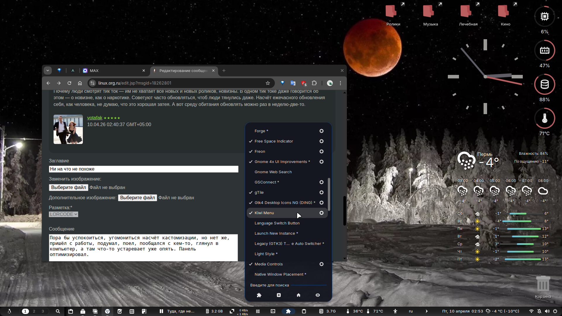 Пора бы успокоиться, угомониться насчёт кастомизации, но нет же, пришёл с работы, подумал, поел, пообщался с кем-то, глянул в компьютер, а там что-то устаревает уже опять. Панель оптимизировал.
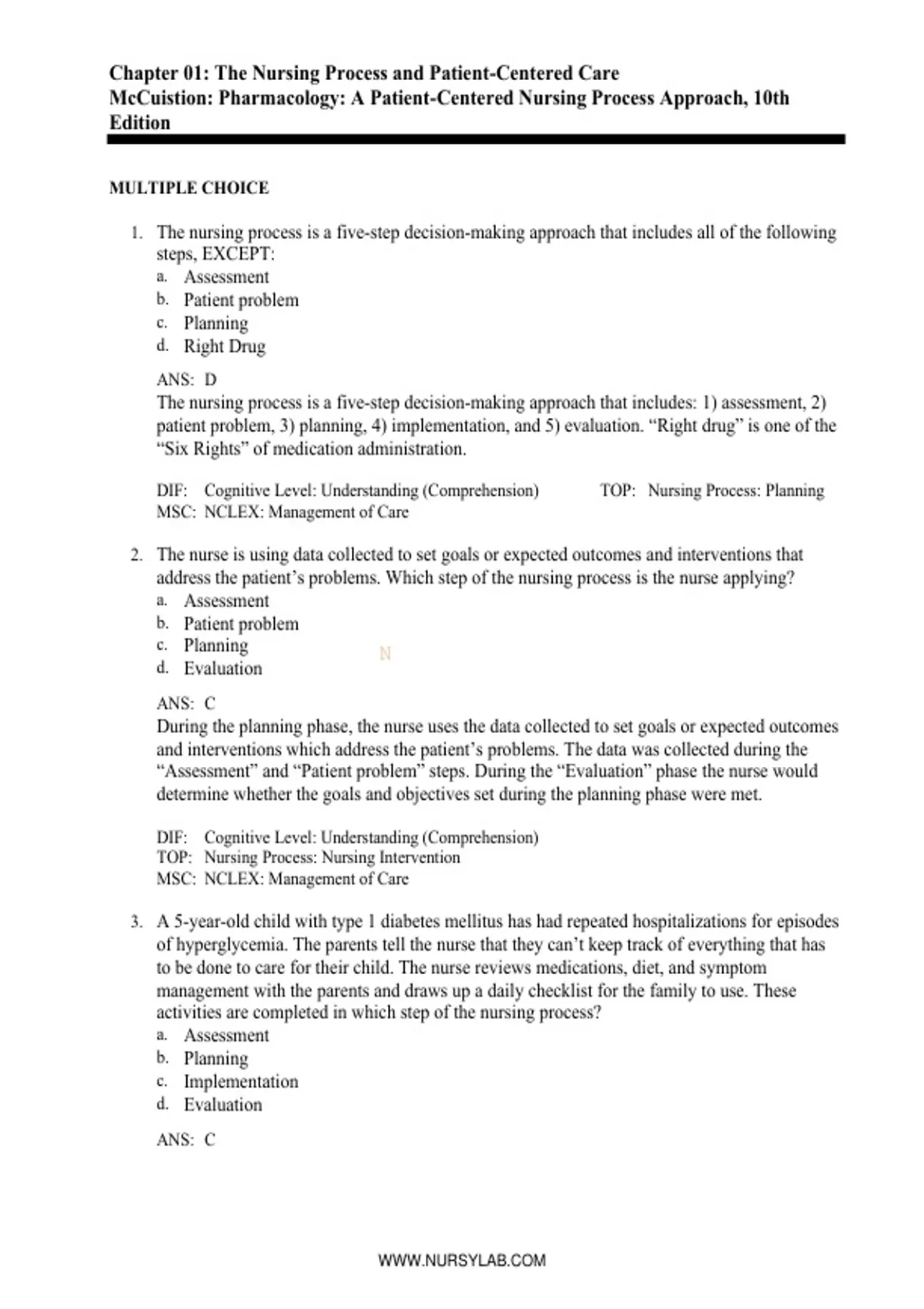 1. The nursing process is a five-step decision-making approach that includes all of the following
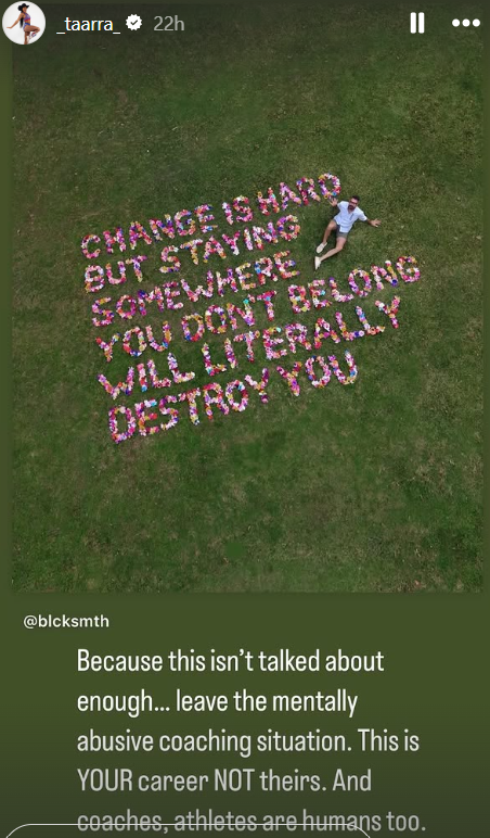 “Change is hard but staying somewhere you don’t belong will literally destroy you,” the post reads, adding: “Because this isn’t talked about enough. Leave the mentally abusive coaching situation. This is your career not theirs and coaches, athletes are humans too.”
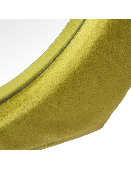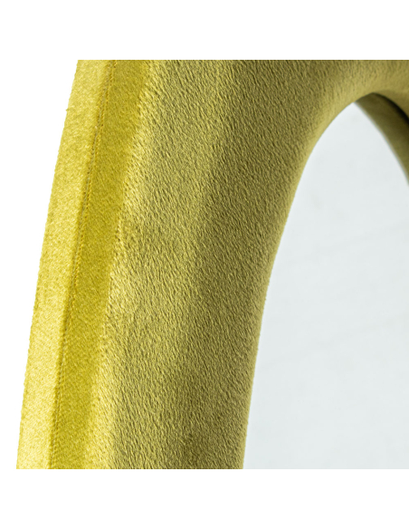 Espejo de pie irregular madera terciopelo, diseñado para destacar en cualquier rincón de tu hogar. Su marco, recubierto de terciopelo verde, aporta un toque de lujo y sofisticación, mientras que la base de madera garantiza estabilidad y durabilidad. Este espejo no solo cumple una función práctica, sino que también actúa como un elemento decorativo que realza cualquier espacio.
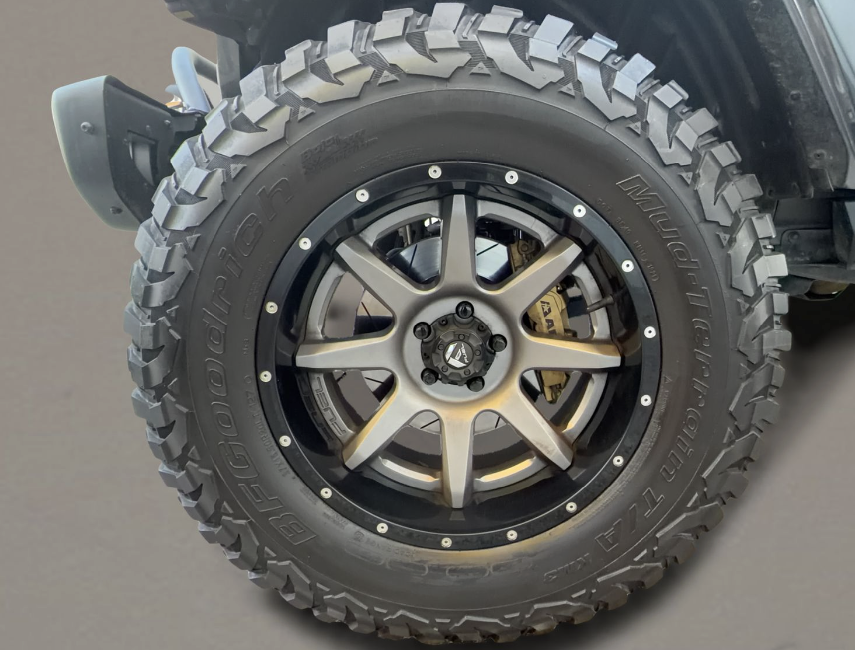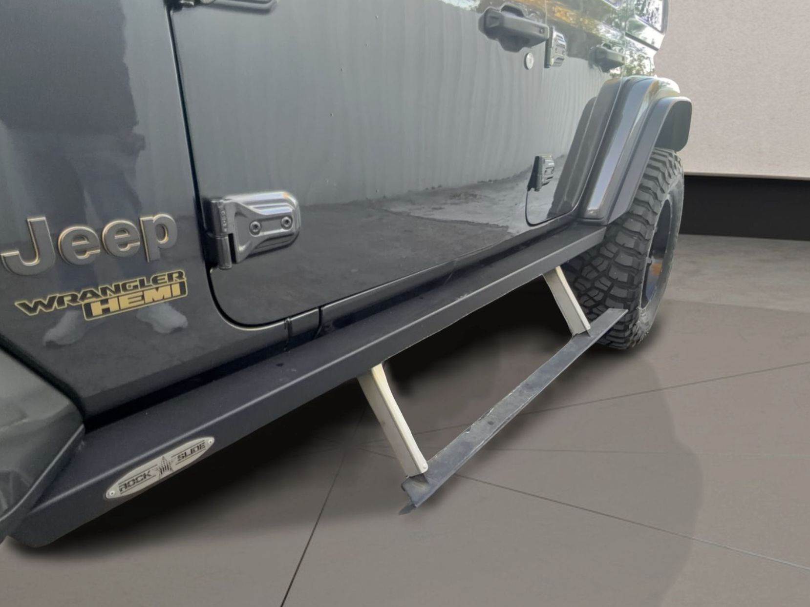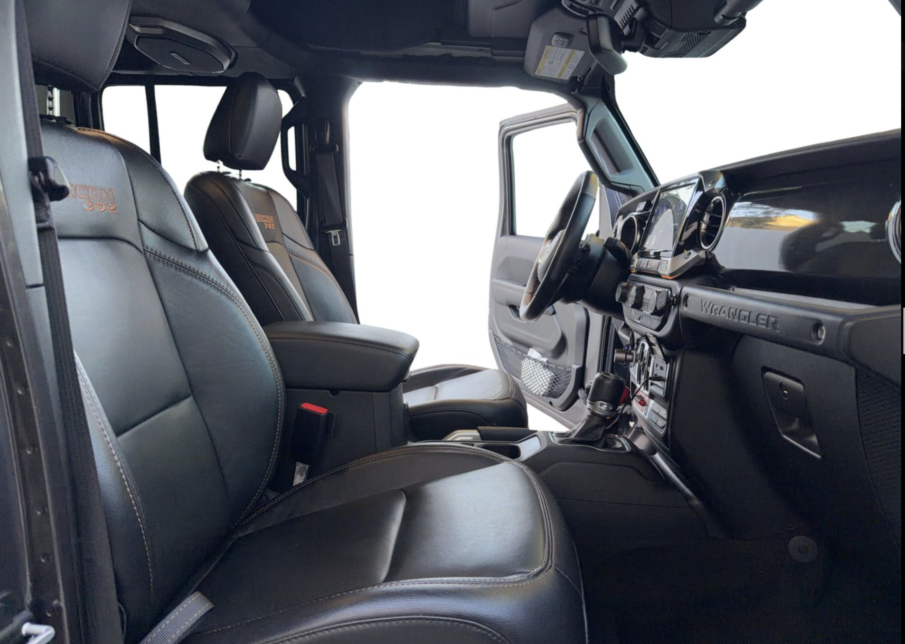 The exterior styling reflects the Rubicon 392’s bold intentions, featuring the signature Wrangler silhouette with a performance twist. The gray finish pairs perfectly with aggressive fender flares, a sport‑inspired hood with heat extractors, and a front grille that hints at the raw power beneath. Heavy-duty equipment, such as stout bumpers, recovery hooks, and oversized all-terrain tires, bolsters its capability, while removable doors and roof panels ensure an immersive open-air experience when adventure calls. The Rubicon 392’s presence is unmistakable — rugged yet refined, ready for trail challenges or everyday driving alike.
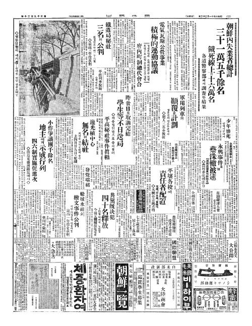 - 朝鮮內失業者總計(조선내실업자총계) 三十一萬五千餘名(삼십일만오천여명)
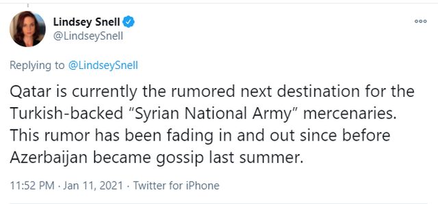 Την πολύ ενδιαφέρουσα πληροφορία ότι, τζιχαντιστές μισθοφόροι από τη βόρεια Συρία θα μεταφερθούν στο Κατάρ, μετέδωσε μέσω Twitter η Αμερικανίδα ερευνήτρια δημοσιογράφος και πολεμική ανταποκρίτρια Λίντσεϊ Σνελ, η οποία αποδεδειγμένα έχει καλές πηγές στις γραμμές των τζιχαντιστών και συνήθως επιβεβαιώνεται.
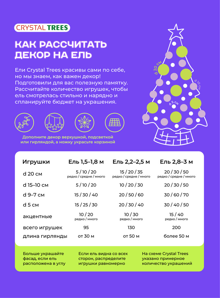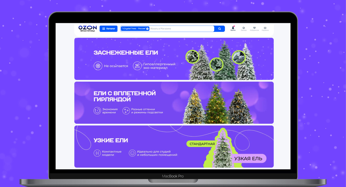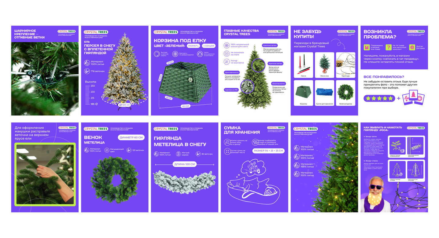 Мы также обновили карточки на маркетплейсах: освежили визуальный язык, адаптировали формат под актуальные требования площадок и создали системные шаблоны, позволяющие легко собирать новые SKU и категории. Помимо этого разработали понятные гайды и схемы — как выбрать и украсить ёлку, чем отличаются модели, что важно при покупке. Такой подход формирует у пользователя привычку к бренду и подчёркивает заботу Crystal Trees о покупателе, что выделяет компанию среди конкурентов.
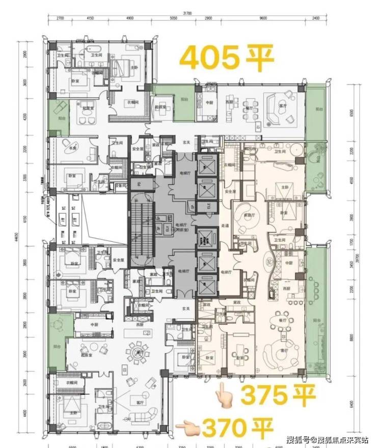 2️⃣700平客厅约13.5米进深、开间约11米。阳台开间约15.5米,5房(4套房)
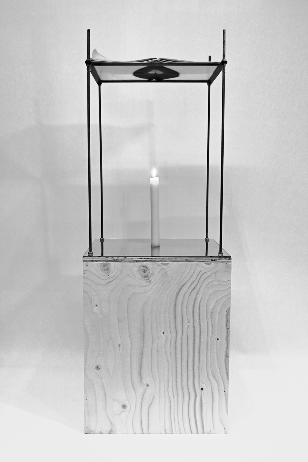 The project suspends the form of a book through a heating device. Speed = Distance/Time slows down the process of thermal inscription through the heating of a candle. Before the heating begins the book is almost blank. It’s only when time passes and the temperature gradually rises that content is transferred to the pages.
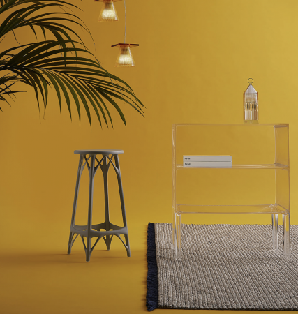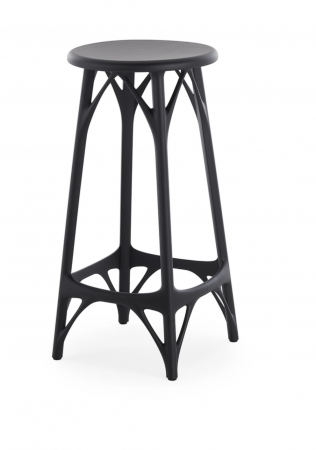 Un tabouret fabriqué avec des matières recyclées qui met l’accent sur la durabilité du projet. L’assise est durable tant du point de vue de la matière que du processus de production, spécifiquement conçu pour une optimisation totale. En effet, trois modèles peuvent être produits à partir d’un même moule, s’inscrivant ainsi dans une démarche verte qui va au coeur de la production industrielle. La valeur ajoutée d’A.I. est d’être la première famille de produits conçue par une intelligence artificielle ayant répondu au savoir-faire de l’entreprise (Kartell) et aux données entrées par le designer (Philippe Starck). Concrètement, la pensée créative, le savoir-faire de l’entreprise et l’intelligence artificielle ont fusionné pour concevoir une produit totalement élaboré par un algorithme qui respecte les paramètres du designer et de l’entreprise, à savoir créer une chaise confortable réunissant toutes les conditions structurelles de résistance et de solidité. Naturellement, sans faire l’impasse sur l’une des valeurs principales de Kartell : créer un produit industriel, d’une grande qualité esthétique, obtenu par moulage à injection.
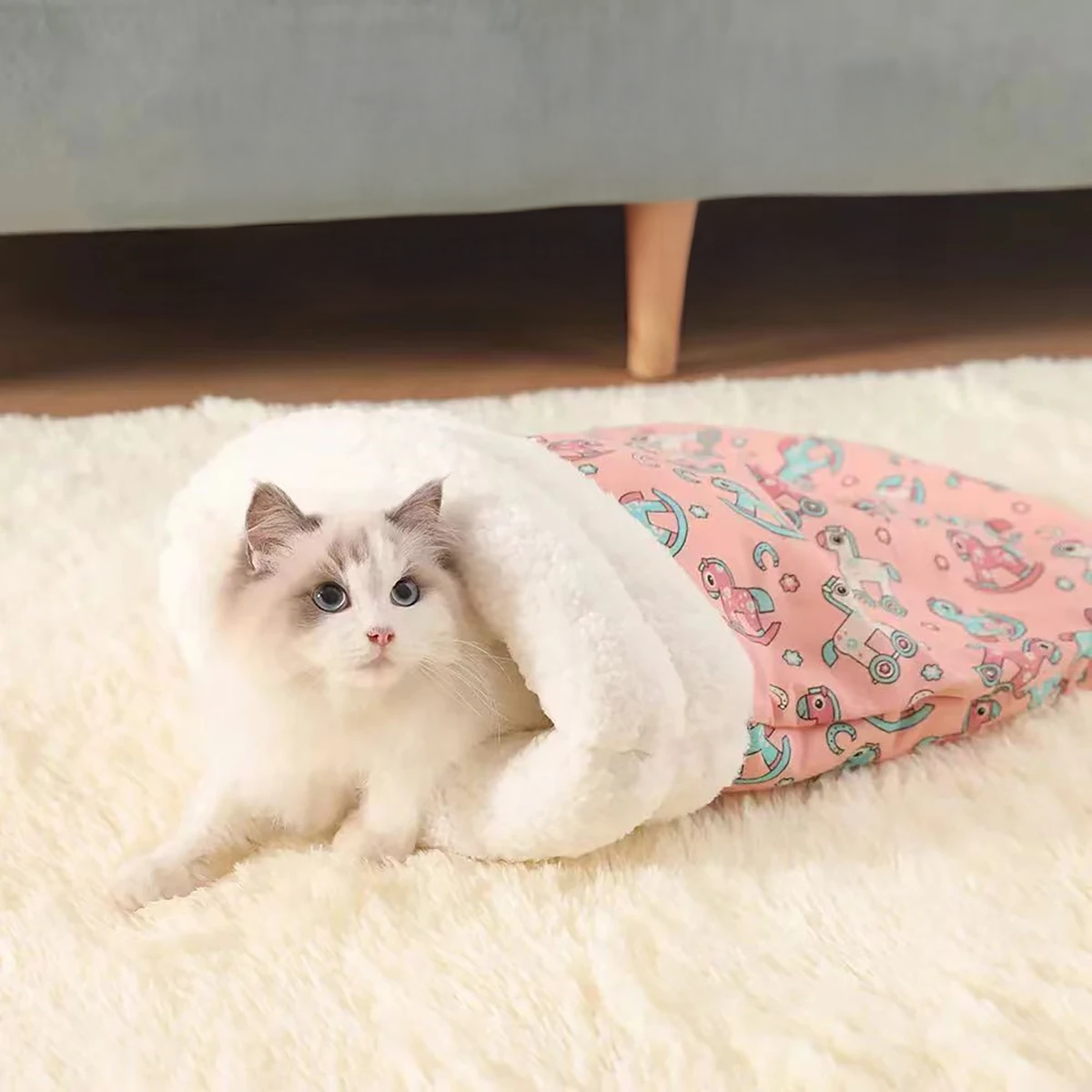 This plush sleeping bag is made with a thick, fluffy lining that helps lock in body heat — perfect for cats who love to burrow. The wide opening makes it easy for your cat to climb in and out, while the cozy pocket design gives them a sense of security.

★ ★ ★

_What the task asks:_ Word for word, restate the lines above from the one with "is hard but" through the one with "Espejo de pie", keeping both ends and dropping the pictures.

_Task response:_
 “Change is hard but staying somewhere you don’t belong will literally destroy you,” the post reads, adding: “Because this isn’t talked about enough. Leave the mentally abusive coaching situation. This is your career not theirs and coaches, athletes are humans too.”
 Espejo de pie irregular madera terciopelo, diseñado para destacar en cualquier rincón de tu hogar. Su marco, recubierto de terciopelo verde, aporta un toque de lujo y sofisticación, mientras que la base de madera garantiza estabilidad y durabilidad. Este espejo no solo cumple una función práctica, sino que también actúa como un elemento decorativo que realza cualquier espacio.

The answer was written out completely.